Bernardo Dugin em 'Hétero Sigilo', dramaturgia de sua autoria inspirada por um caso real | Foto: Nil Caniné/Divulgação

Espetáculo 'Hetero Sigilo' nasceu de ataque homofóbico em 2023 e virou fenômeno nas redes sociais

O que custa para caber? Essa é a pergunta que move "Hétero Sigilo", monólogo que Bernardo Dugin leva ao palco do Teatro Laura Alvim a partir de 6 de março. Não é um espetáculo sobre orientação sexual — é sobre o preço psicológico de viver sob a lógica do disfarce, a violência que começa no silêncio imposto pela sociedade.

A peça nasceu de uma experiência real. Em 2023, Dugin e seu namorado sofreram um ataque homofóbico durante uma missa de sétimo dia em Nova Friburgo. O episódio repercutiu nacionalmente e transformou o padre responsável em réu por racismo qualificado. O Ministério Público do Rio pediu indenização por danos morais coletivos, reconhecendo o impacto daquela atitude. Mas para Dugin, o trabalho teatral não era sobre justiça — era sobre compreender o sistema que permite ataques assim.

"O espetáculo não é sobre assumir uma orientação sexual. É sobre o que a gente precisa esconder para continuar existindo sem ser punido por isso", diz o ator. Durante anos, ele viveu sob a máscara de um personagem heterossexual que ele mesmo criou. O monólogo revisita essa experiência para expor como a heteronormatividade ensina a mentir, performar e se aprisionar.
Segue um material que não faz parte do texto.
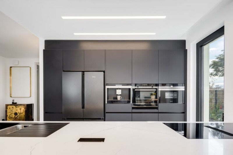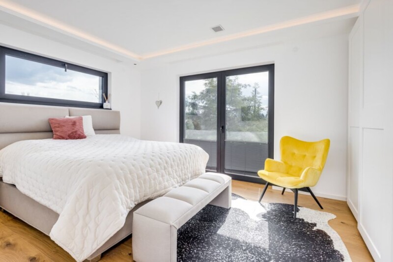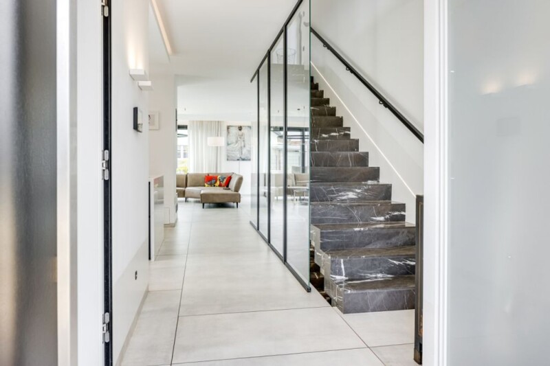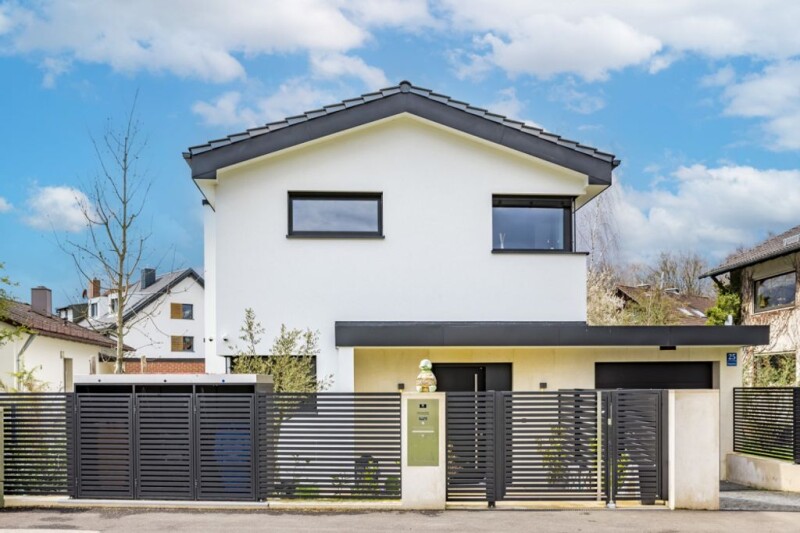 Available immediately! Modern & new detached house on a sunny plot in a quiet location Allach-Untermenzing is the northwesternmost district of the state capital Munich. For families and working couples, the district is a popular, quiet place to live in the vibrant metropolis. Allach-Untermenzing is characterized by a number of green spaces, especially along the Würm. With the Allacher Forst, Allacher Lohe, Kies-Trasse dry biotope and the Angerlohe, the district offers many ecological leisure and recreation areas. The house on offer is in an excellent location. Located in a cul-de-sac with no through traffic and on an undeveloped meadow, you will find the peace and quiet you need after a hard day at work. The local infrastructure is particularly worth mentioning for families. Facilities such as daycare centers, kindergartens, a primary school and a middle school are within walking distance. Secondary schools such as the Untermenzing high school can also be reached in a few minutes by car. Shops for daily life are available in the town. Whether supermarkets, doctors, pharmacies or clothing stores - you will find everything in just a few minutes by car. In addition, the connection to the center of Munich is excellent. With the S2 you can reach Munich's Stachus in just 17 minutes (!). In addition, the A8 and A99 motorways provide quick connections to Munich Airport (approx. 20 minutes by car) and the surrounding area of Munich. In addition to the nearby bathing lakes such as the Lußsee, you can reach all the lakes of the Five Lakes Region in around 30 minutes by car. A trip to the mountain landscape around Garmisch-Partenkirchen is also just a stone's throw away at around 70 minutes by car. Welcome to your new home in Munich Allach-Untermenzing! A modern single-family home for people with high standards will be built in 2020 on a cozy 328 sqm south-west plot. Inside and out, the solid house from the BAUSHAUS architectural firm in Munich exudes pure luxury. Four bedrooms, three bathrooms and a light-flooded and open living, kitchen and dining area are spread over a pure living area of approx. 165 sqm and a living area of approx. 190 sqm. There is also a private fitness room, an office and various rooms in the basement. You will not lack space in this dream home. The heart of the house is on the ground floor - an open living, kitchen and dining area measuring over 60 sqm. When you enter, the luxury of the house is quickly apparent: oversized 2.60 mx 1.20 m tiles, a ceiling height of 2.75 m, floor-to-ceiling windows on all sides, Busch Jäger Free@Home home control, elegant fireplace with glass front and sides, modern ASMO kitchen (partly with Gaggenau appliances) and much more! The floor-to-ceiling windows lead you into the sunny south-west garden, which is also a great place to linger in the evenings. The ground floor is rounded off with a high-quality daylight bathroom with a large bathtub. The staircase, clad in glass walls and marble steps, leads to the bright upper floor. The current floor plan includes three bedrooms and a large shower room. An extension to four bedrooms or another home office room would be possible with little effort. The bedrooms have high-quality parquet flooring, while the hallway and bathroom have luxurious 2.60 m tiles. On this floor, too, underfloor heating, lights and shutters are controlled with the Busch Jäger Free@Home elements. In the basement, which is very homely with a ceiling height of 2.80 m, you will find the utility room, a small office room, a large bedroom and the fitness and spa area. This consists of a private fitness room and a bathroom with a sauna facility. There are also other rooms with plenty of storage space and usable space. The detached house on offer is rounded off with a single garage with an electric door for compact vehicles. Larger vehicles can be parked in front of the garage. As good as new - modern - bright - solid brick house (36.5 cm brick) - built in 2020 - cozy property with south-west orientation - four bedrooms (expandable to five) - three bathrooms - open kitchen, living and dining area - own fitness room with adjoining spa area (sauna facility) - high-quality 2.60 mx 1.20 m tiles throughout the house except for bedrooms - fine parquet flooring in all bedrooms - underfloor heating in all living rooms - glazed staircases - stairs made of fine marble - ventilation system throughout the house - decalcification system - digital light and heating control in every room - ceiling heights: 2.80 m in the basement, 2.75 m on the ground floor, 2.60 m on the upper floor - utility room - lots of storage space in various basement rooms - own workshop room - single garage with electric garage doors - additional outdoor parking space - and much more! Have we piqued your interest in this fantastic house? If you are interested, you can contact us at any time by phone or email. Our search customers always receive information about new properties and discreet marketing first. Register with us now and never miss an offer again. Follow us on Instagram (@jannik.zimmer.immobilien) and don't miss any updates on the real estate market. We look forward to hearing from you! Legal information: All information is provided without guarantee and is based exclusively on information provided to us by our clients. We assume no liability for the completeness, accuracy and timeliness of this information.

Antes de chegar aos palcos, "Hétero Sigilo" funcionou como projeto transmídia. Durante a Parada do Orgulho LGBTQIAPN na Avenida Paulista, foi criada a "Caixa do Sigilo", instalação onde pessoas relataram histórias reais de vidas vividas em anonimato. Nas redes sociais, o perfil @hetero.sigilo24 satirizou situações cotidianas do "sigilo", alcançando quase 5 milhões de visualizações antes mesmo da estreia teatral.

A direção é de João Fonseca, responsável por sucessos como "Cazuza - Pro Dia Nascer Feliz, o Musical" e "Minha Mãe É Uma Peça". "O que me interessa é que ele não aponta o dedo, ele expõe um sistema. É uma peça íntima, mas profundamente política, porque fala do preço que se paga para caber numa norma que adoece", explica Fonseca. A trilha original e direção musical são de Federico Puppi, cuja música funciona como camada dramatúrgica contínua, ampliando silêncios e tensões da cena.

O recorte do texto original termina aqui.